Ю. Кантор – Там нет отдельного музея Великой Отечественной Войны. Там отдельного нет. Как я уже сказала, в Псковском Объединённом Государственном Музее-заповеднике есть огромный отдел Великой Отечественной Войны. Там очень хорошая экспозиция, там проводятся научные исследования, там всё есть. В Пскове, в Псковской области, в разных её частях, от Невеля, как говорится, и обратно до Пскова, там Великих Лук и тому подобное есть места, где стоят памятники. Кстати, памятники рушатся и далеко не все они в хорошем состоянии. Это тоже к вопросу об уходе... Многие памятники нуждаются, как и во всей стране. Псков – не исключение. Он просто более ярко виден, может быть, в связи с этой ситуацией. Памятники нужно менять, потому что они сделаны либо в конце 1940... Это не военнопленных, а военных. Их нужно просто заменить.

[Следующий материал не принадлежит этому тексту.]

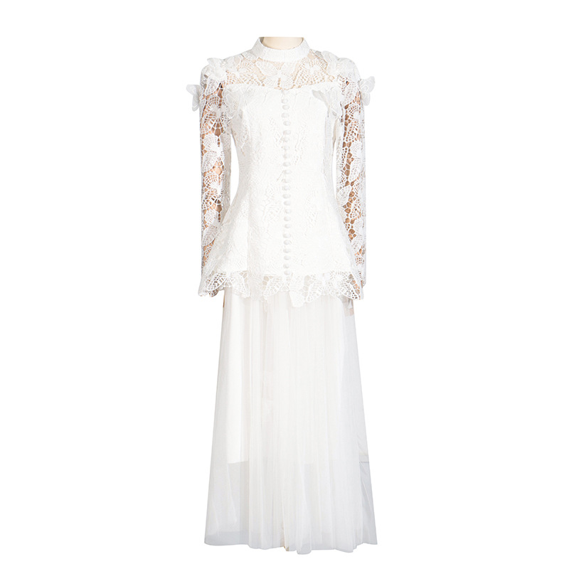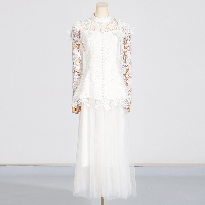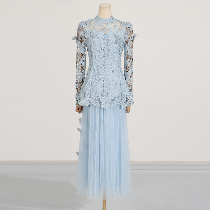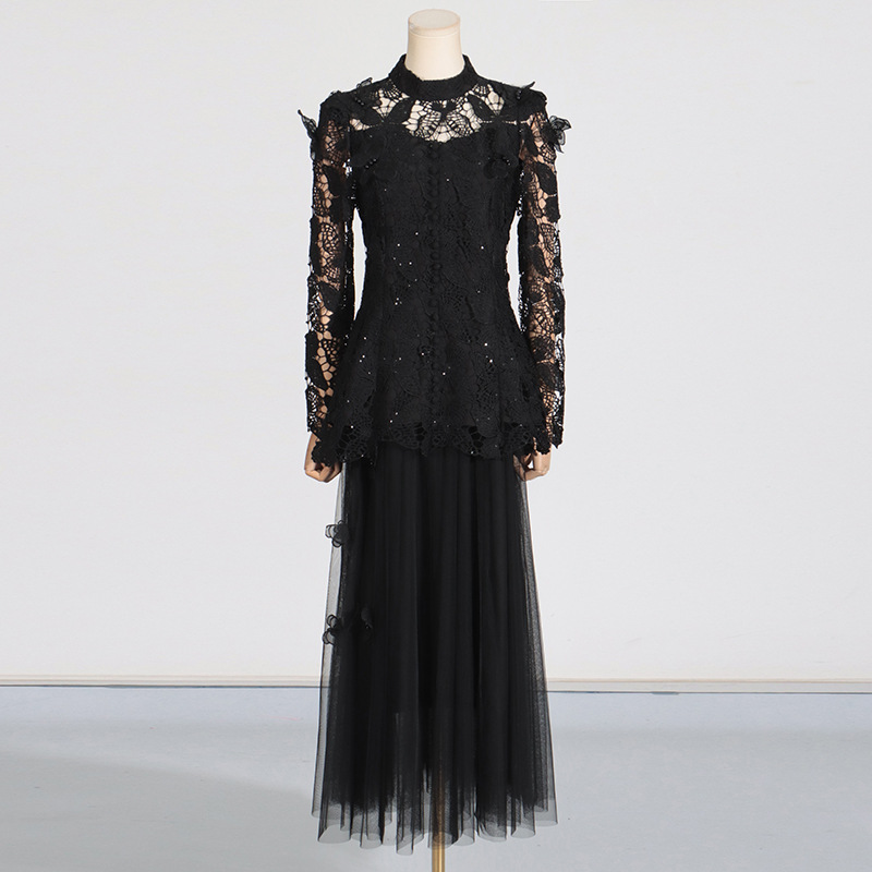 Temperament and socialite style two-piece set for summer 2025, new heavy embroidery top, long mesh skirt set for women
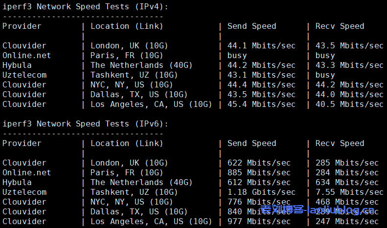 iperf3跑欧美的节点,大致数据如下(IPv4、IPv6都有了,这款机器是有1个IPv4和25个IPv6):
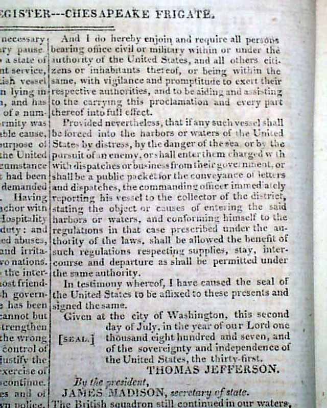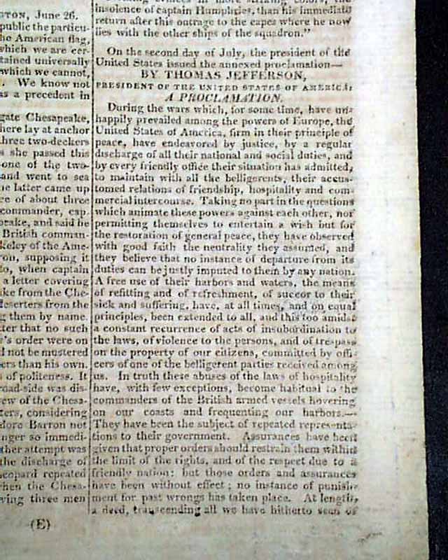 The Chesapeake vs. the Leopard, with a Jefferson Proclamation...
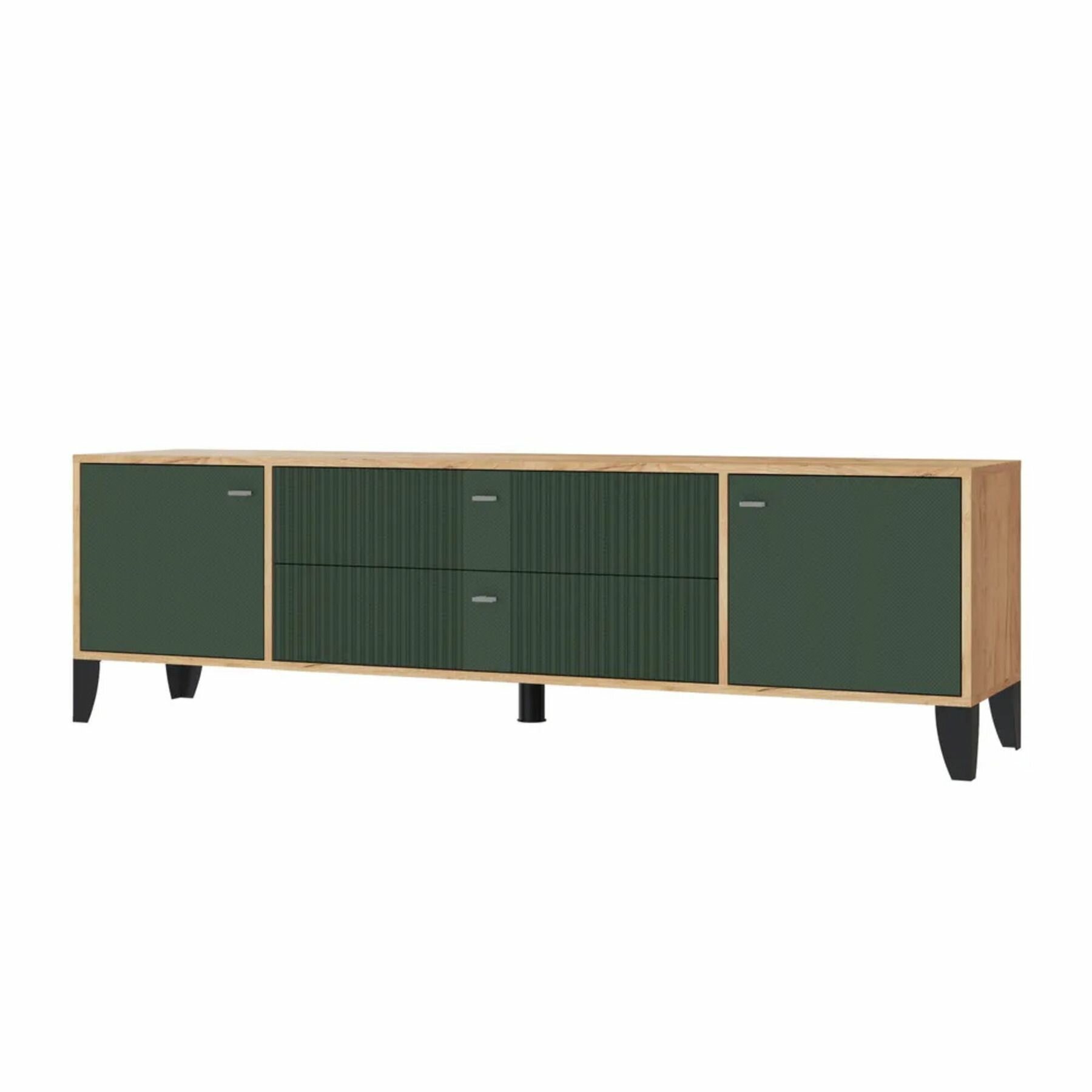Тумба ТВ «Парус-10», дуб крафт золотой/карбон дарк грин (1800х400х530)
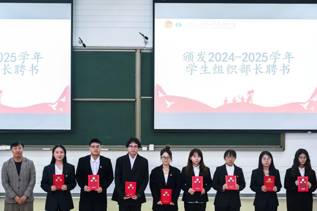 学工办老师们分别为新一届主席团主席以及各员工组织部长颁发聘书。
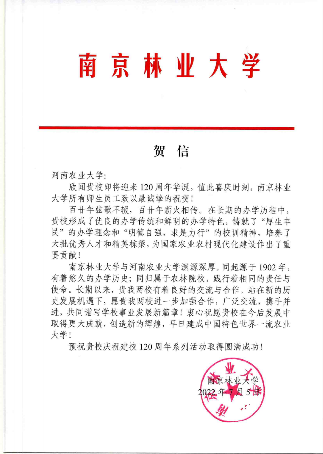 版权声明:我们致力于保护作者版权,注重分享,被刊用文章【东北林业大学校庆(百余封贺信祝河南农业大学120周年华诞)】因无法核实真实出处,未能及时与作者取得联系,或有版权异议的,请联系管理员,我们会立即处理! 部分文章是来自自研大数据AI进行生成,内容摘自(百度百科,百度知道,头条百科,中国民法典,刑法,牛津词典,新华词典,汉语词典,国家院校,科普平台)等数据,内容仅供学习参考,不准确地方联系删除处理!;
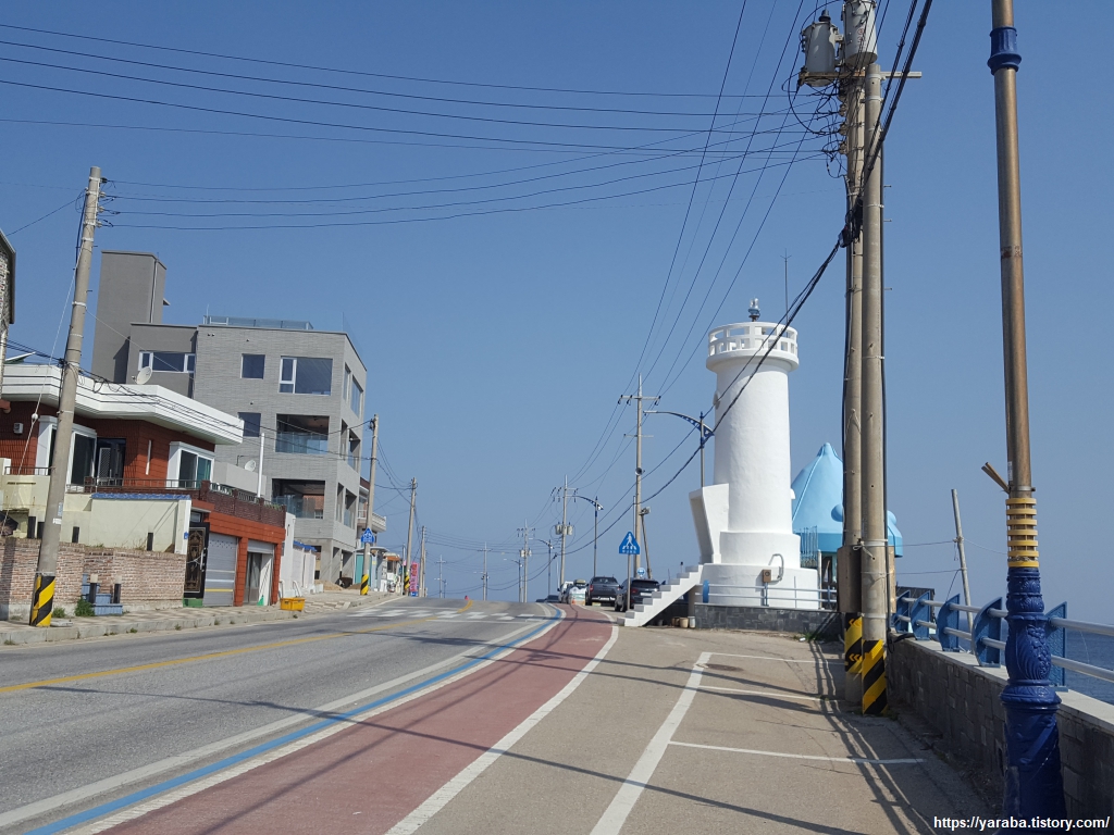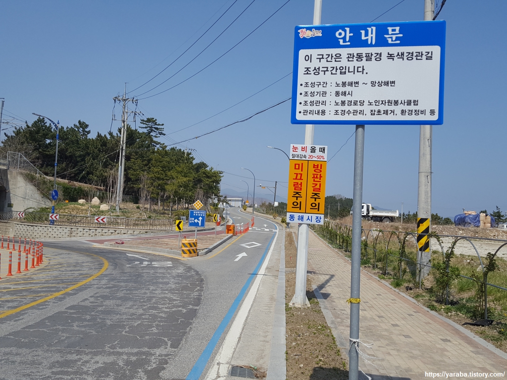 사실 대진 해변에서 노봉 해변을 거쳐 망상 해변까지 갈 수도 있지만 해파랑길은 대진 해변으로 들어가지 않고 모래 해변 뒤쪽으로 철로를 따라 이어지는 일출로 도로변을 걷는다.

В. Дымарский – Об этом и о многом другом ещё в связи с этой историей мы поговорим после небольшого перерыва.


НОВОСТИ


В. Дымарский – Ещё раз приветствую нашу аудиторию – радийную, телевизионную, тех, кто смотрит Сетевизор. Это программа «Цена победы». Я её ведущий Виталий Дымарский. Напоминаю, что в гостях у меня Юлия Кантор, доктор исторических наук, советник директора Государственного Эрмитажа. Говорим мы о ситуации, сложившейся в Пскове вокруг, если я вообще... Не вокруг, а на территории, на которой был лагерь для военнопленных и, естественно, там очень много было жертв. То есть это, фактически, такое, коллективное, массовое захоронение, на котором сейчас возводится элитный жилой комплекс. Но мы прервались на том, как вообще сохраняется память. Можно сказать, не только в Пскове. Если у вас есть какие-то свои мысли на этот счёт. Я забыл сказать в первой части. Может, это хорошо. Я сейчас скажу, как мы назвали нашу программу. Программу мы сегодняшнюю назвали «Небронзовые солдаты». В том числе и к тому, что мы очень ревностно относимся и относились, как вы помните, достаточно недавно к тому, как поступает наши соседи, наши бывшие соотечественники. Но, я думаю, что всё-таки надо начинать с себя. Мне кажется, что эта история с памятью, с военной памятью, с тем, что прошло уже сколько? Больше 65 лет. 67 лет с окончания войны. И до сих пор огромное количество людей, погибших, имя которых неизвестно, так называемых, без вести пропавших... И много, чего ещё, чего страна не знает. Много ещё, кого страна не знает из тех, кто погиб на полях той войны. В этом смысле, конечно, потрясающа история с этим мальчиком, который (я напомню просто, Юлия говорила перед перерывом) сам разыскал 161 имя людей, погибших на месте лагеря для советских военнопленных в Пскове.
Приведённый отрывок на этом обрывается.